Yes, though my sexuality will, and has.

42. I can arrange my activities so that I will never have to experience feelings of rejection owing to my race.

I think that many people can now, but through dangerous insularity. Nevertheless I think this is eroding.

43. If I have low credibility as a leader I can be sure that my race is not the problem.

True

44. I can easily find academic courses and institutions which give attention only to people of my race.

Not true at all anymore! Progress!

45. I can expect figurative language and imagery in all of the arts to testify to experiences of my race.

Definitely eroded- I see the experiences of many races now. It would take effort not to.

46. I can chose blemish cover or bandages in “flesh” color and have them more or less match my skin.

Yes. Clear has been a great innovation though, and even more so fun bandages.

47. I can travel alone or with my spouse without expecting embarrassment or hostility in those who deal with us.

This has lessened all around, even for queers.

48. I have no difficulty finding neighborhoods where people approve of our household.

I can never feel assured of finding neighborhoods where people approve of my household, even in the Bay Area.

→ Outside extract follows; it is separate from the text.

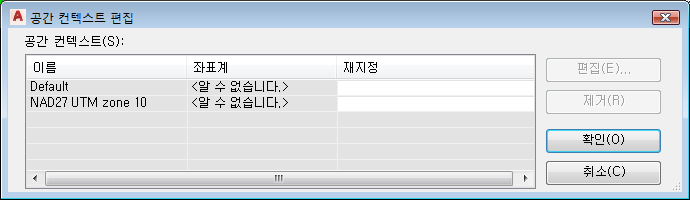 - 좌표계 편집을 클릭하고 공간 컨텍스트 편집 대화상자에서 항목을 클릭합니다.

49. My children are given texts and classes which implicitly support our kind of family unit and do not turn them against my choice of domestic partnership.

Absolutely false for me.

50. I will feel welcomed and “normal” in the usual walks of public life, institutional and social.

No.

I also identified what I think of as new white privileges:

* I can assume that my problematic sexual identity doesn’t conflict with or disrupt my racial identity. I can come out of the closet and keep my racial identity.

* I can, if I choose, ascribe problems and failures to individuals and claim that there is ‘a level playing field,’ and not be perceived as callous or racist.

* I don’t have to wonder if my missed opportunities are due to my race.

I strongly recommend reading the original essay, and will end my list with the quote that ends hers:

I repeatedly forgot each of the realizations on this list until I wrote it down. For me white privilege has turned out to be an elusive and fugitive subject. The pressure to avoid it is great, for in facing it I must give up the myth of meritocracy. If these things are true, this is not such a free country; one’s life is not what one makes it; many doors open for certain people through no virtues of their own.

I think the prognosis is mixed. Some things are better, but others are worse, and my racial privilege is still insulating me and subtly repressing people of color. Even places where My queerness trumps my white privilege my race often still disadvantages others- worst of both worlds.

It’s incumbent on me now to notice and speak against my own privilege where I can. This isn’t easy, but unpacking my knapsack is a first step.

Ok, I tag Ethan, Aaron, Danny, danah, and Tim to unpack their knapsacks based on McIntosh’s original 50 points, add their own, and note the changes they’ve seen in their lives and communities. Then tag five more unpackers.